Redditi pro capite in Europa non stanno convergendo

6 Aprile 2017, di Alberto Battaglia

Il mercato unico europeo non sta puntando verso la convergenza dei redditi procapite dei suoi membri, anzi, le differenze probabilmente resteranno invariate in quanto l’effetto “agglomerazione” porta il capitale (umano e non) a concentrarsi nelle aree più avanzate. A sottolineare questo stato di cose è il rispettato think tank britannico, Centre for European Reform.

L’analisi dei pil procapite dall’inizio degli anni Novanta a oggi, infatti, rivela che, rispetto alla media dell’Eurozona, la maggioranza dei Paesi più ricchi hanno migliorato la propria ricchezza relativa. Ad esempio, Paesi che erano già benestanti, come Austria, Olanda, Danimarca, Belgio e Finlandia sono riusciti a migliorareil proprio livello di benessere non solo in termini assoluti, ma anche in confronto alla media dell’Ue15. Per inciso, i due Paesi che, invece, hanno drammaticamente peggiorato la propria condizione in questo lasso di tempo sono soprattutto l’Italia e la Grecia.

Secondo le previsioni del Fmi la convergenza non si materializzerà nemmeno nei prossimi cinque anni; semmai il contrario, commenta il think-tank.

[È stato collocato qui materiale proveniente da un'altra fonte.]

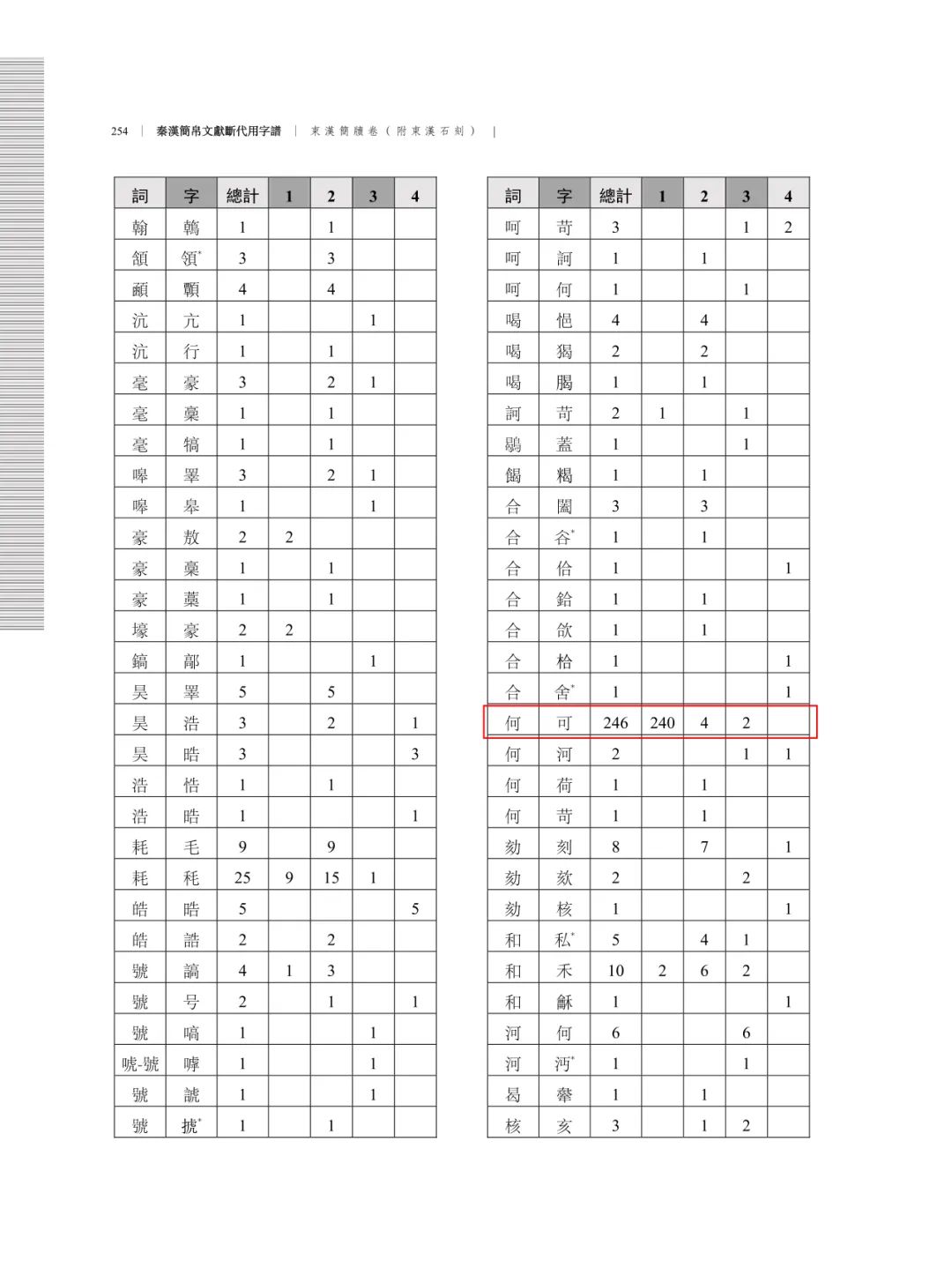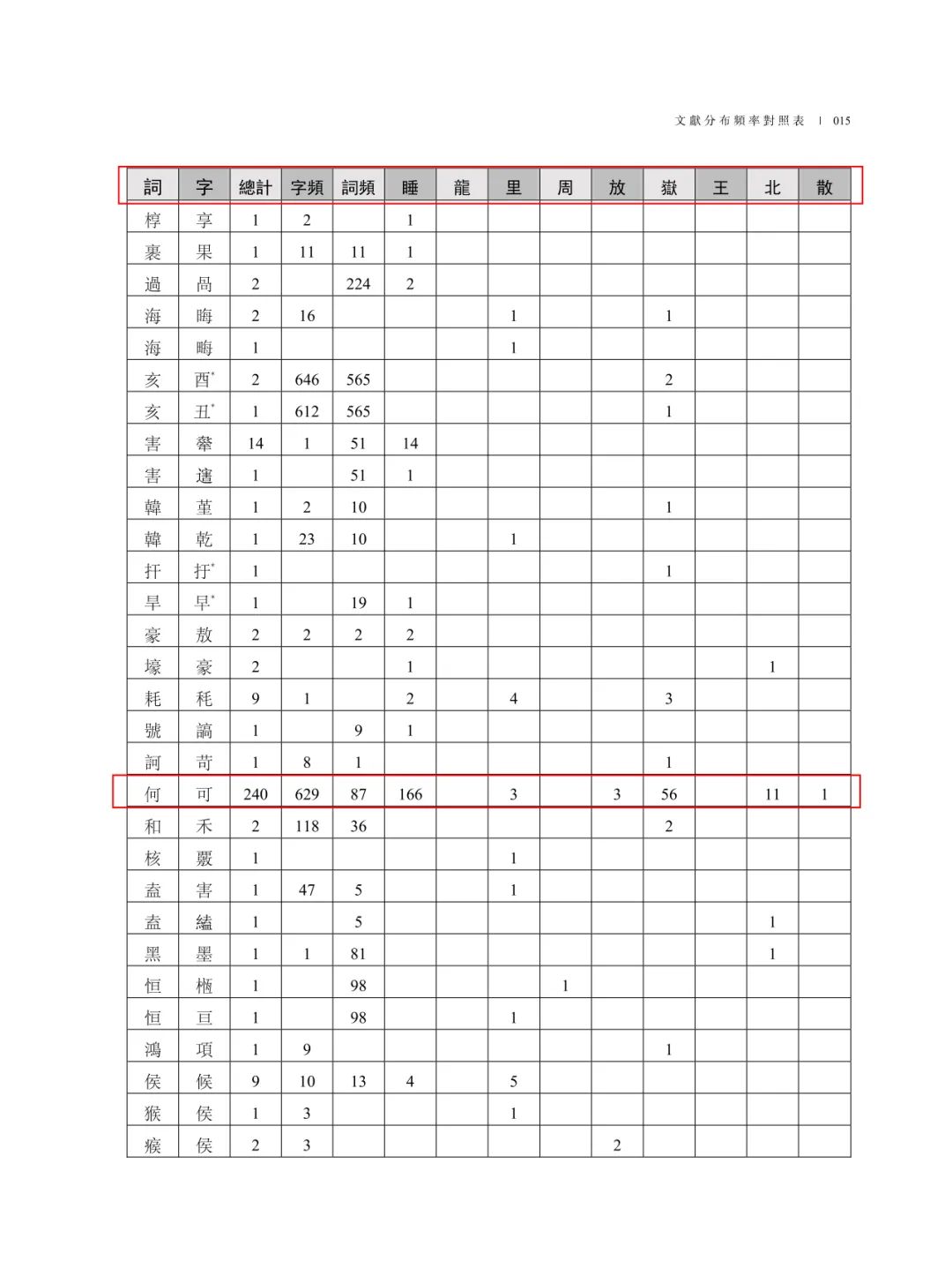 用字頻率斷代對照總表
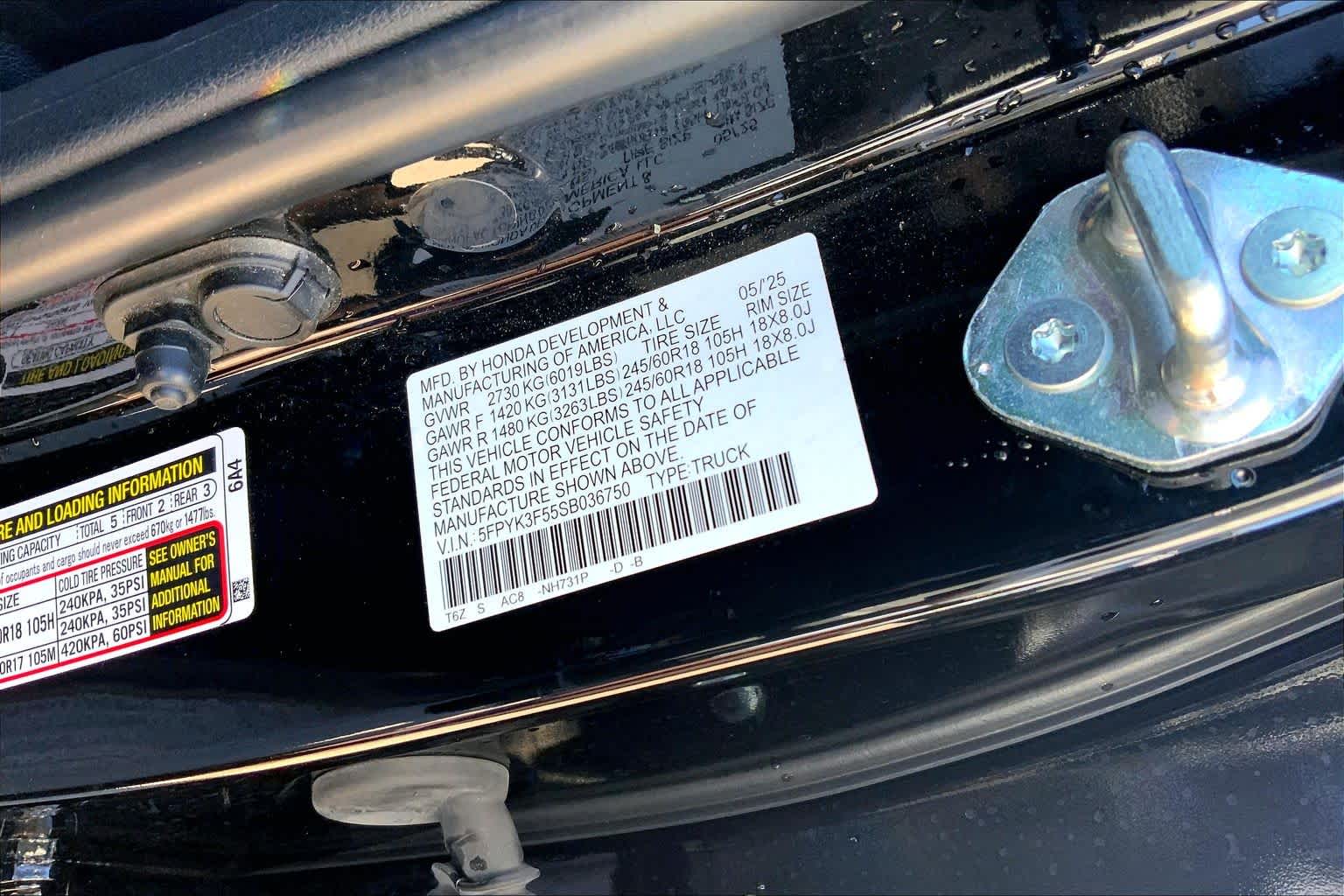 - VIN : 5FPYK3F55SB036750

Se si prendono in considerazione le prime cinque economie Europee “la fotografia complessiva” sarà quella di un “gap persistente negli standard di vita tra la Germania e le altre quattro economie” maggiori. In teoria, una certa convergenza dovrebbe avvalersi della mobilità dei lavoratori, che possono migliorare i propri standard di vita migrando nei Paesi più ricchi. Questo tuttavia “rischia di concentrare i lavoratori istruiti e il capitale nell’Europa ‘core’, aumentando le pressioni fiscali negli stati membri più piccoli”. Tale fenomeno è particolarmente pronunciato in Grecia, nella quale l’emigrazione dei giovani dovuta alla disoccupazione tende a ridurre le entrate fiscali necessarie alla sostenibilità del sistema pensionistico.

“In conclusione, all’interno dell’Ue15 ci sono poche prove di convergenza degli standard di vita (…) invero, c’è piuttosto qualche prova di agglomerazione in Germania, Benelux, nei paesi Nordici e in Austria”, scrive il Centre for European Reform. Il suggerimento del think-tank è quello di aumentare il volume dei trasferimenti dai Paesi ricchi a quelli più poveri dell’Unione Europea, prendendo atto che il mercato unico, da solo, non basta a ridurre le disparità di reddito.